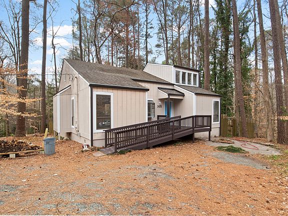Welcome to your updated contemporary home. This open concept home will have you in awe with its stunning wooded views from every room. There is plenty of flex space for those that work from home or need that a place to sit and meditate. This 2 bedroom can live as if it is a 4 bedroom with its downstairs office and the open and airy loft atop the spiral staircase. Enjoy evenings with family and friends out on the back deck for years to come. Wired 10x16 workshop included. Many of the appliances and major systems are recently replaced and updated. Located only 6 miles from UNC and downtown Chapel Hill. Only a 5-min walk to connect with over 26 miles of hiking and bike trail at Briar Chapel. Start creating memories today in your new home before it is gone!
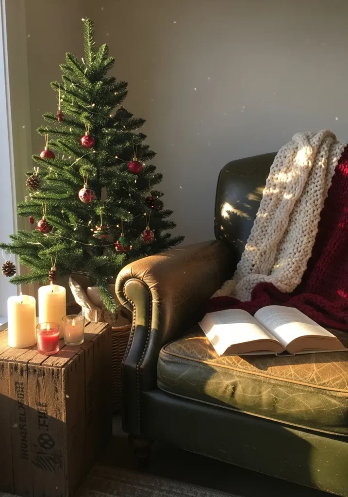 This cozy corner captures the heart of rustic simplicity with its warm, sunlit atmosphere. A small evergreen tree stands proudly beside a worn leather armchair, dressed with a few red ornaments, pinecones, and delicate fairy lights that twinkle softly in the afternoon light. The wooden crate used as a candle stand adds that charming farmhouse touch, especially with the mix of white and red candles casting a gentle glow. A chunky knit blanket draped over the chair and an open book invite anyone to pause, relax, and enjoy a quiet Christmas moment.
==
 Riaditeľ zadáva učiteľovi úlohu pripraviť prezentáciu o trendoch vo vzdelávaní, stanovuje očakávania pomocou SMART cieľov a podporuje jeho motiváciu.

Work to complete - Your output should be the lines above from the one that contains "Welcome to your" through the one that contains "This cozy corner", word for word, with pictures left out.

Result of the exercise -
Welcome to your updated contemporary home. This open concept home will have you in awe with its stunning wooded views from every room. There is plenty of flex space for those that work from home or need that a place to sit and meditate. This 2 bedroom can live as if it is a 4 bedroom with its downstairs office and the open and airy loft atop the spiral staircase. Enjoy evenings with family and friends out on the back deck for years to come. Wired 10x16 workshop included. Many of the appliances and major systems are recently replaced and updated. Located only 6 miles from UNC and downtown Chapel Hill. Only a 5-min walk to connect with over 26 miles of hiking and bike trail at Briar Chapel. Start creating memories today in your new home before it is gone!
 This cozy corner captures the heart of rustic simplicity with its warm, sunlit atmosphere. A small evergreen tree stands proudly beside a worn leather armchair, dressed with a few red ornaments, pinecones, and delicate fairy lights that twinkle softly in the afternoon light. The wooden crate used as a candle stand adds that charming farmhouse touch, especially with the mix of white and red candles casting a gentle glow. A chunky knit blanket draped over the chair and an open book invite anyone to pause, relax, and enjoy a quiet Christmas moment.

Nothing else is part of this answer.